Leonardo
Vanneschi, NOVA IMS, Universidade Nova de Lisboa,
Portugal
Genetic Programming: Introduction and Applications. A
Perspective after thirty years from the first John Koza's
book
Abstract: In 1992, John R. Koza published his first book on Genetic Programming (GP): "Genetic Programming: On the Programming of Computers by Means of Natural Selection". This ground-breaking book paved the way for the establishment of a new field of study. It influenced the work of thousands of researchers and practitioners worldwide, many of whom aimed to continue the exploration, formalization and improvement of the original formulation of GP and/or to apply GP to challenging problems. In this presentation, GP is introduced both recalling Koza's original ideas, as well as new variants that, although inspired from that idea, have been published along the years, re-injecting novelty in the field. Then, existing successful applications of GP are discussed, pointing out some potential competitive advantages of GP, compared to other existing Machine Learning methods. Finally, the idea of using GP as a meta-learner is presented, opening the door to a discussion of future perspectives.
Short Bio: Leonardo Vanneschi is a Full Professor at the NOVA University of Lisbon, Portugal. His main research interests involve Machine Learning, Data Science, Complex Systems, and in particular Evolutionary Computation. His work can be broadly partitioned into theoretical studies on the foundations of Evolutionary Computation, and applicative work.. He has published more than 200 contributions and he has led several research projects in the area. His work has been consistently recognized and appreciated by the international community from 2000 to nowadays. In 2015, he was honoured with the Award for Outstanding Contributions to Evolutionary Computation in Europe, in the context of EvoStar, the leading European Event on Bio-Inspired Computation
Giovanni
Iacca, University of Trento, Italy
When Explainable AI and Evolutionary Computation meet
Abstract: Motivated by the need for explanations in safety-critical applications, the field of Explainable Artificial Intelligence (XAI) has recently attracted a great interest in the AI community. Interestingly, some of the advances in XAI are based on Evolutionary Computation (EC). For instance, Genetic Programming has been extensively used to induce various kinds of white-box models, such as decision trees or rule-based systems. On the other hand, also within the EC field there is now a growing concern about explainability, since one may often need to explain how a population-based method conducted its search process and reached a certain outcome. In this talk, first I will give a general overview on the connection between EC and XAI. Then, I will highlight some recent works where EC has been used, also in connection with Reinforcement Learning, to create systems capable of solving in an interpretable way a variety of tasks, e.g., in medical imaging and pandemic control. Finally, I will discuss what I believe are the most interesting challenges and opportunities that lie at the intersection of the two fields.

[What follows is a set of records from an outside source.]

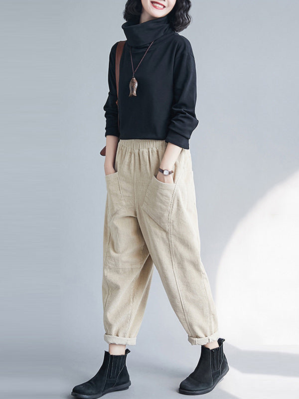 Casual Solid Color Split-Joint With Pocket Elasticity Wide Legs Corduroy Harem Pants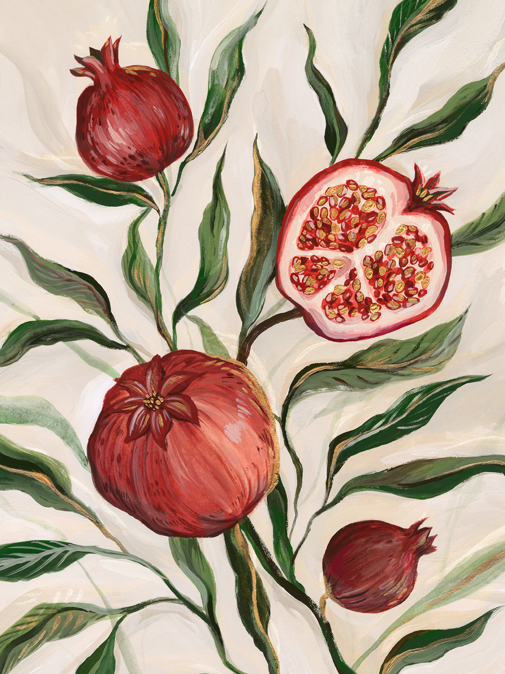 Krásný plakát s červenými granátovými jablky se zelenými listy na světlém pozadí. Jedno granátové jablko je nakrojené, aby byly vidět semínka uvnitř.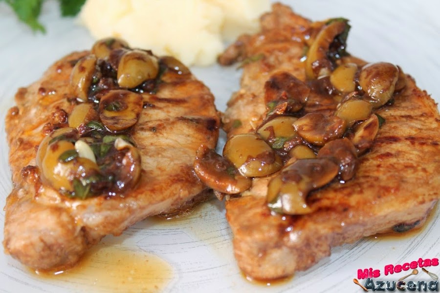 Estos filetes de lomo los acompañe con un puré de patatas y la verdad es que fue un acierto el contraste de la patata con la salsa de la carne.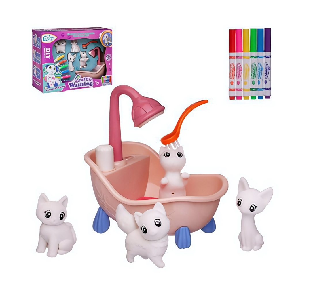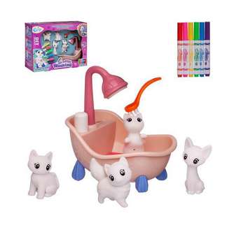 Набор для творчества 'Котята в ванне', 4 фигурки, 6 фломастеров, щетка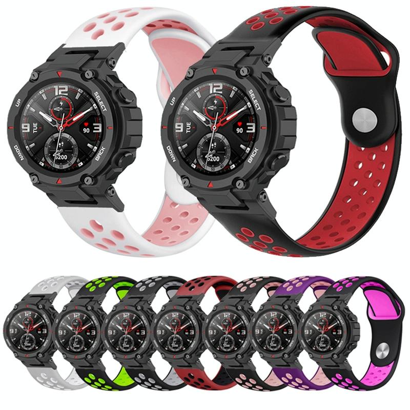 For Amazfit T-Rex 2 Two-color Holes Reverse Buckle Silicone Watch Band(Black Green)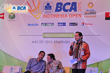 MC Steny Agustaf pada gelaran Press Conference BCA Indonesia Open Super Series Premier 2015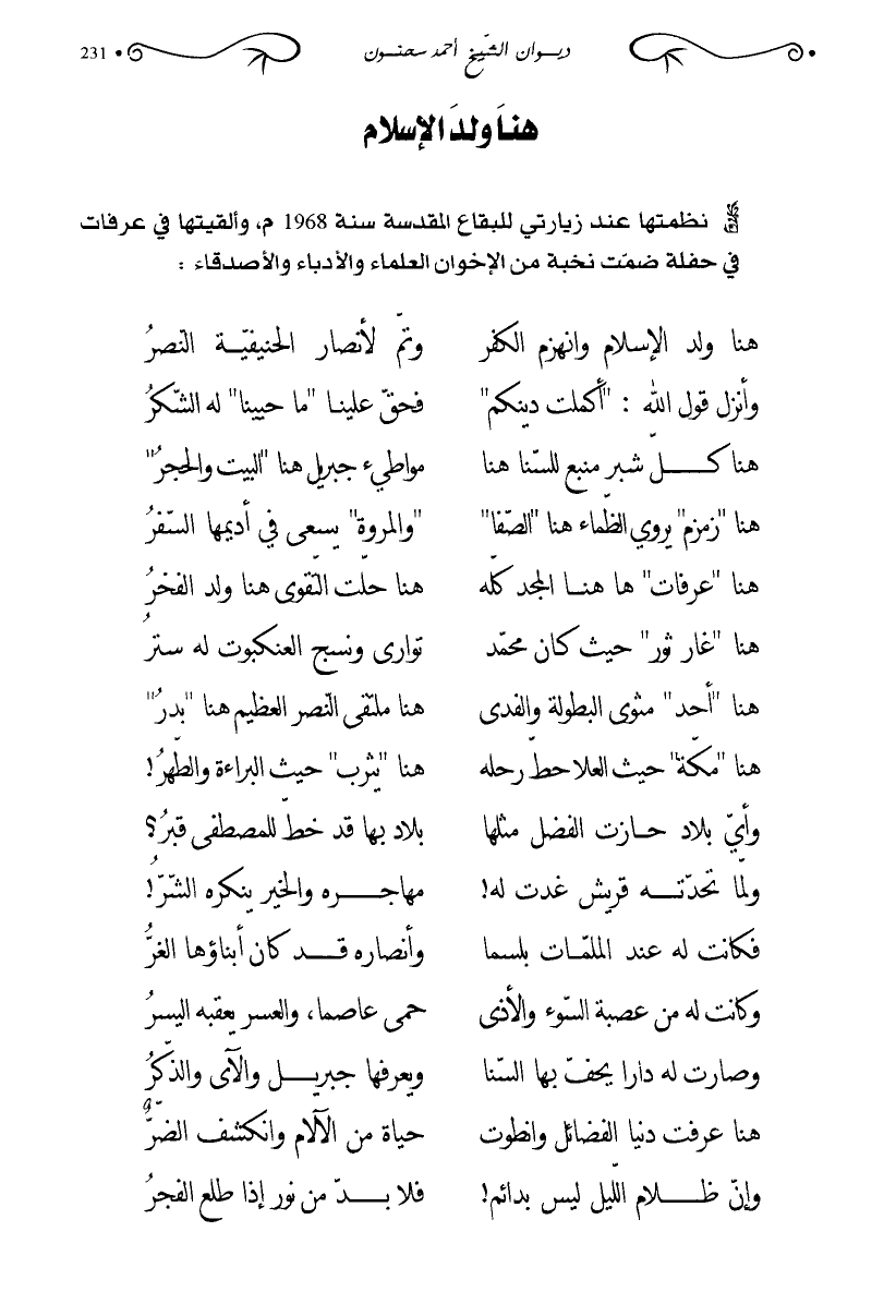 نظمتها عند زيارتي للبقاع المقدسة سنة 1968م، وألقيتها في عرفات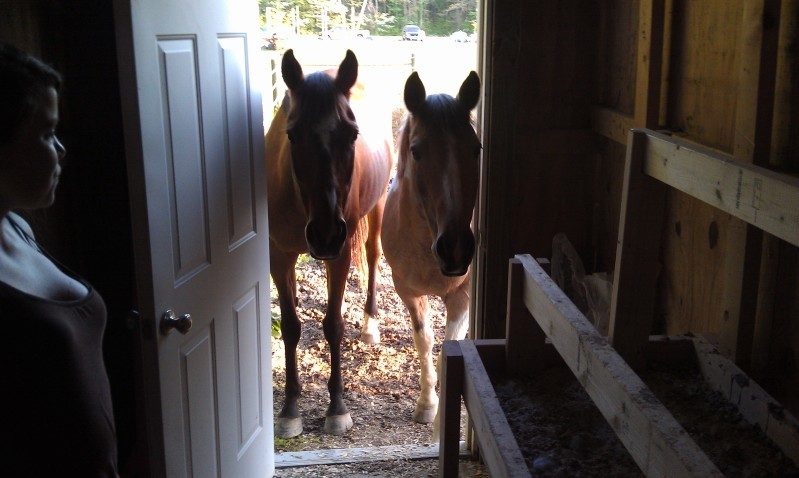 I walk to the back side of the barn, still calling for her and looking at the back gate for any sign of anything amiss (have some questionable neighbor kids, wouldn't put it past them) and I hear an answering snort/huff. Go back around to the barn thinking maybe I somehow just missed seeing 800 pounds of horse in the 14x14 area of the stall (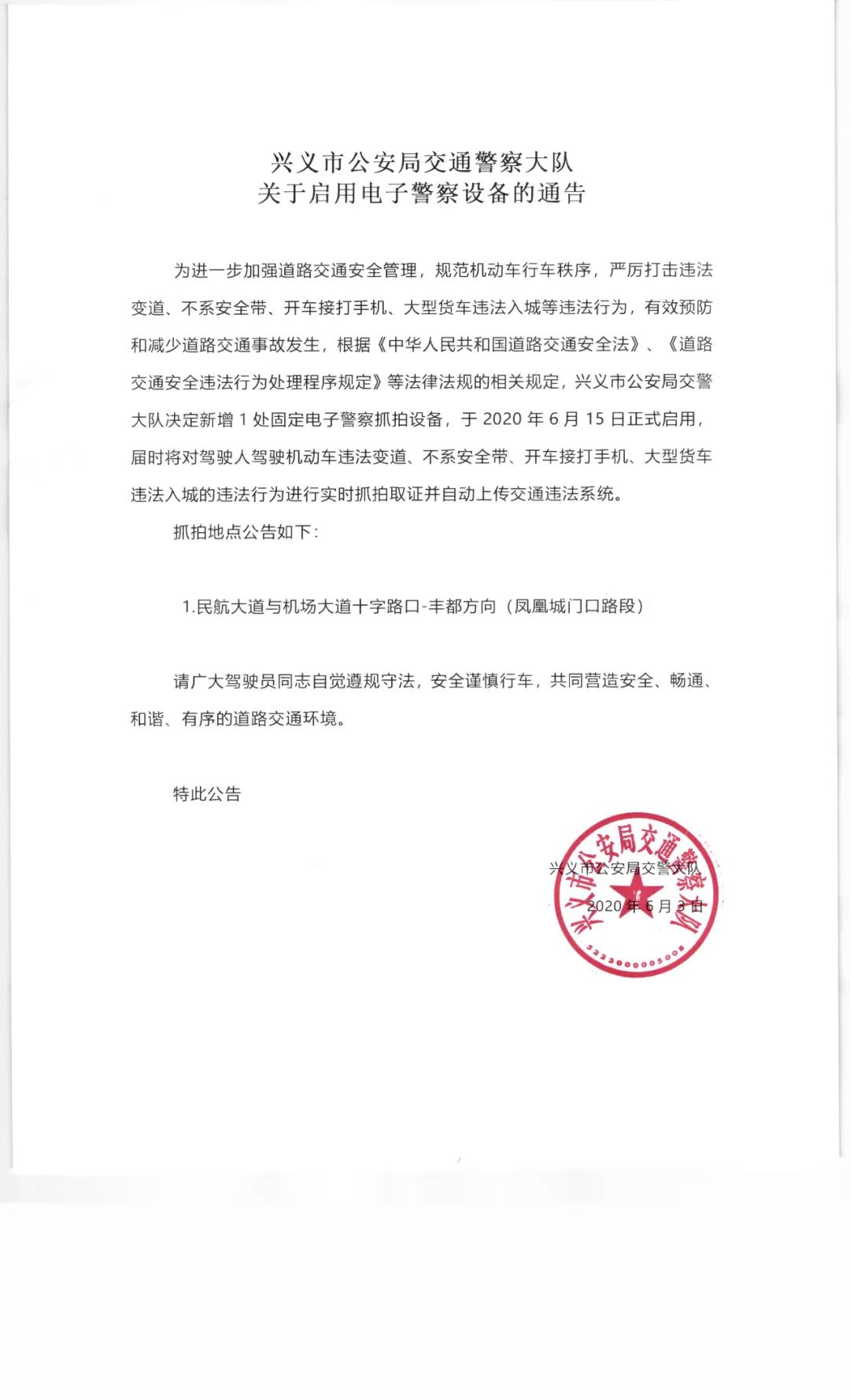 - 興義市公安局交通警察大隊關于啟用電子警察設備的 2020-03-23 22:24:59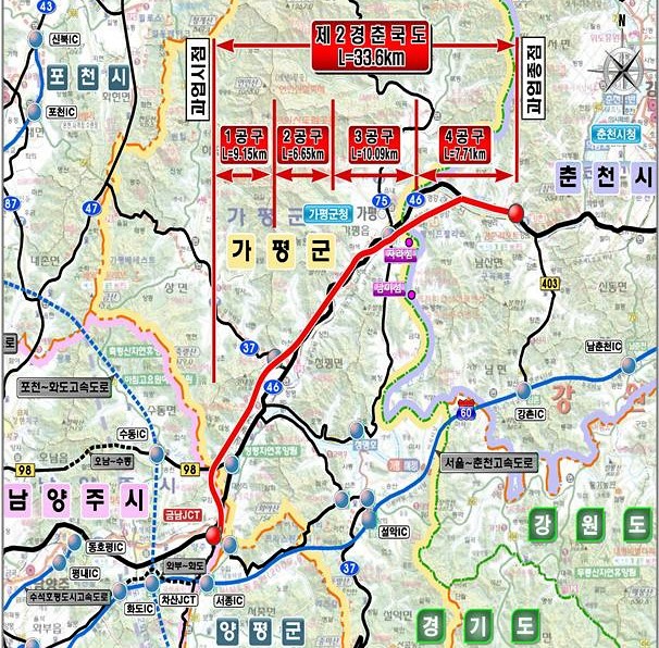 한편 공사기간 단축을 위해 공사 구간을 경기도와 강원도가 각 2개 구간씩 총 4개 구간으로 나눠 추진한다. 경기 제1·2공구는 서울국토관리청이, 강원 제3·4공구는 원주국토관리청이 담당한다.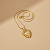 Elegant gold sacred heart necklace featuring a soft pink enamel heart centerpiece. The detailed textured frame adds a vintage-inspired look while keeping a modern, minimal feel. Perfect for layering or wearing as a statement piece.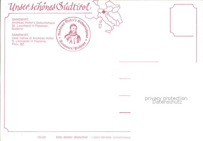 St Leonhard Passeier Sandwirt A. Hofers Geburtshaus Kapelle Kirche postalisch nicht gelaufen Erhaltung siehe scans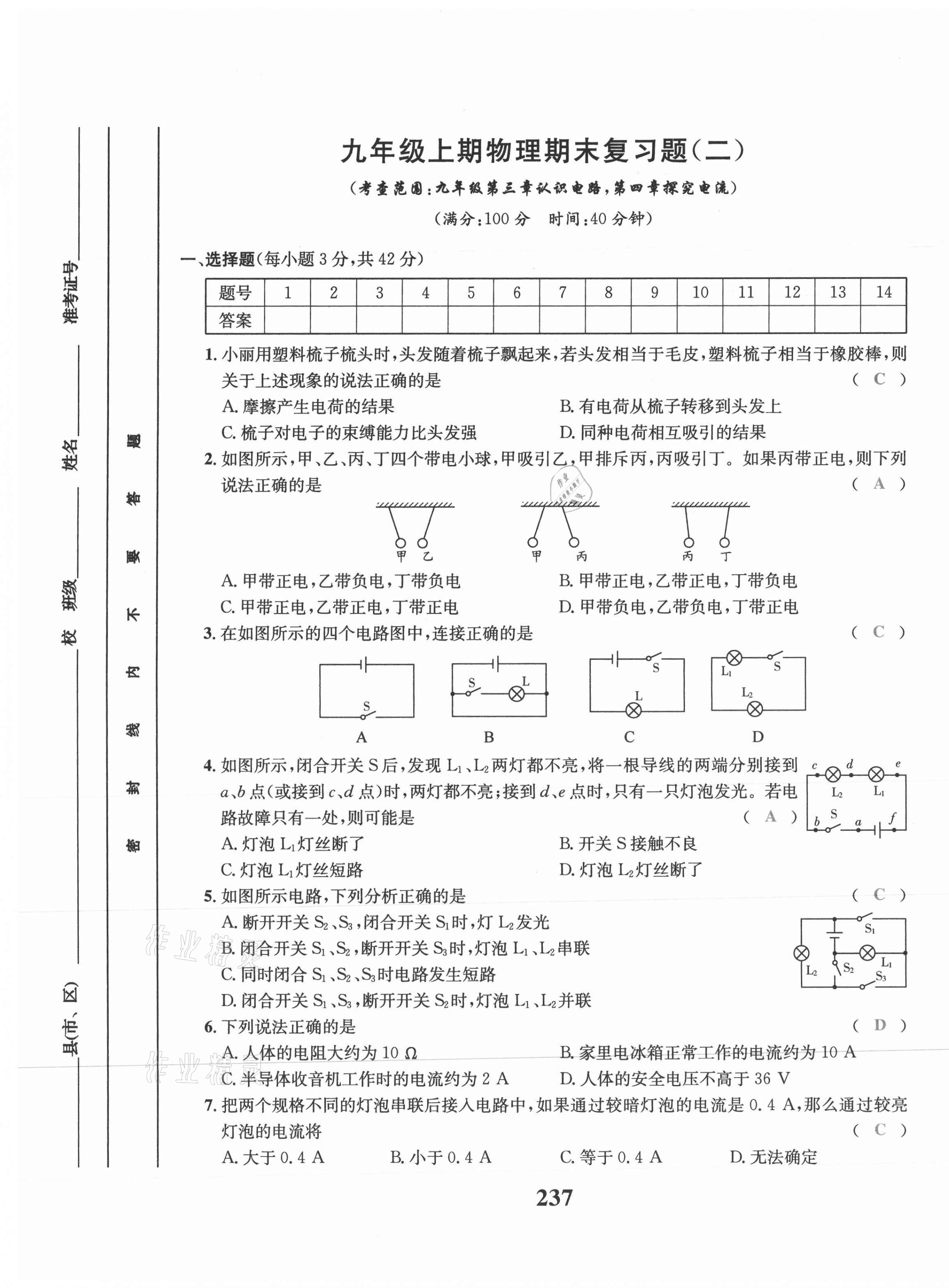 注:目前有些书本章节名称可能整理的还不是很完善,但都是按照顺序排列的,请同学们按照顺序仔细查找。练习册 2021年骄子1号九年级物理全一册教科版 答案主要是用来给同学们做完题方便对答案用的,请勿直接抄袭。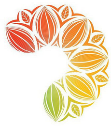 The mark consists of a circular pattern of stylized cocoa pods with leaf designs placed in between each pod, gradually changing from red to orange to yellow to green. The color white represents background and transparent areas and is not part of the mark.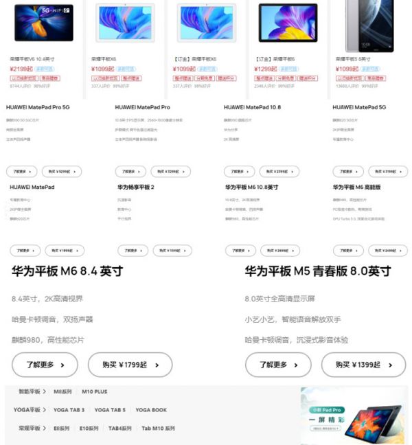 就在米粉们纠结这款到目前为止小米唯一平板新品扶不上墙的时候,对于高端平板有生产力需求的用户可能已经选择了苹果或者三星的新款产品,从2018年到现在,将近两年过去了,在国内市场,小米的“友商”们已经在多个价位玩出了花,粗略看了一下在2019年——2020年间,友商们推出了若干的分支类平板产品多达几十款,价位从1000——6000元都有,刀法精准且似乎玩出了自己的一套生态: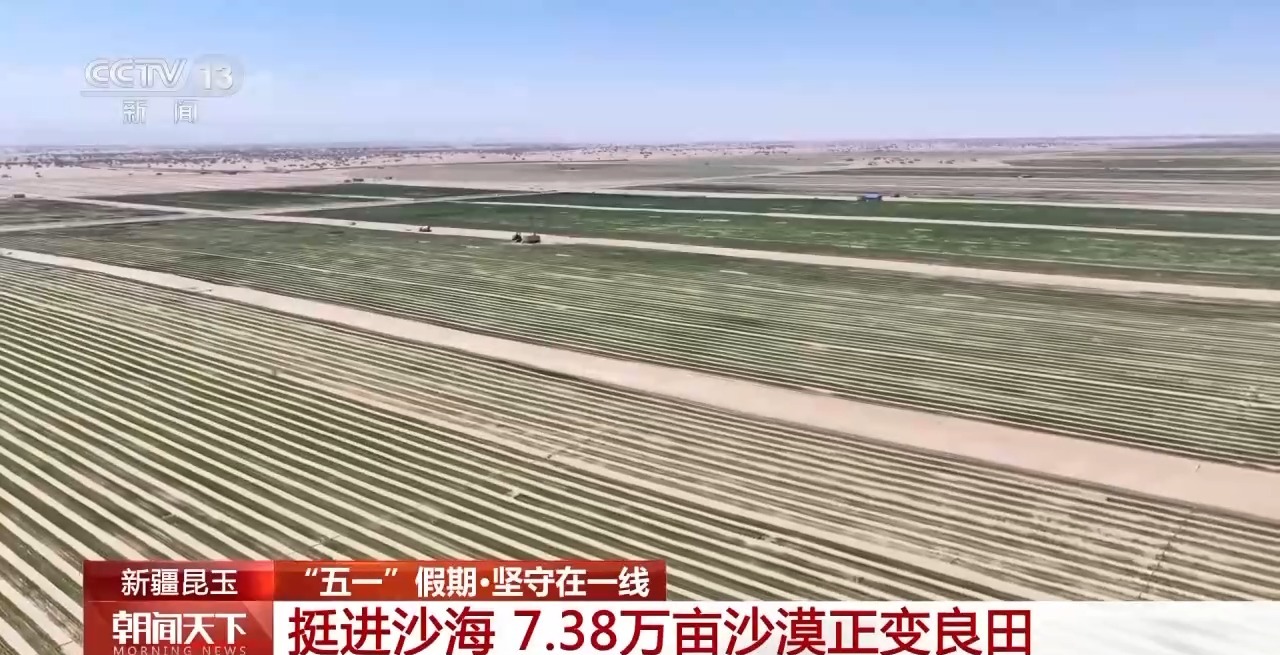 當大多數人享受悠閑的假期時,鏖戰在沙海深處的勞動者沒有停歇。在位于塔克拉瑪干沙漠南緣的新疆昆玉市,7.38萬畝土地開發建設項目進入攻堅階段,上百臺裝載機、平地機來回穿梭進行平沙作業。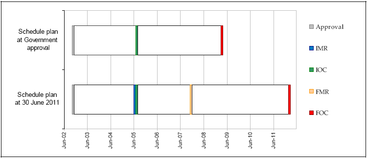 Mar 09 | Feb 12 | 36 | Delay in achieving FOC due to outstanding latent defects that must be rectified to satisfy Navy OR requirements. OR of the first vessel was achieved on 19 May 2010. A rectification program has been instigated and is on schedule to bring all vessels to the product baseline by December 2011. This will enable the achievement of FOC for the class February 2012. HMA Ships GLENELG, MARYBOROUGH, CHILDERS, ARMIDALE, LAUNCESTON, LARRAKIA, BATHURST and ALBANY have completed their rectification work as scheduled. | |

Short Bio: Giovanni Iacca is an Associate Professor in Computer Engineering at the Department of Information Engineering and Computer Science of University of Trento, Italy, where he founded the Distributed Intelligence and Optimization Lab (DIOL). Previously, he worked as postdoctoral researcher in Germany (RWTH Aachen, 2017-2018), Switzerland (University of Lausanne and EPFL, 2013-2016) and The Netherlands (INCAS3, 2012-2016), as well as in industry in the areas of software engineering and industrial automation. He was co-PI of the FET-Open project "PHOENIX" (2015-2019), and currently is co-PI of the PATHFINDER-CHALLENGE project "SUSTAIN" (2022-2026). He has received two best paper awards (EvoApps 2017 and UKCI 2012). His research focuses on computational intelligence, stochastic optimization, and distributed systems. In these fields, he co-authored more than 100 peer-reviewed publications, and he is actively involved in the organization of tracks and workshops at some of the top conferences in the field of computational intelligence. He also regularly serves as reviewer for several journals and conference committees.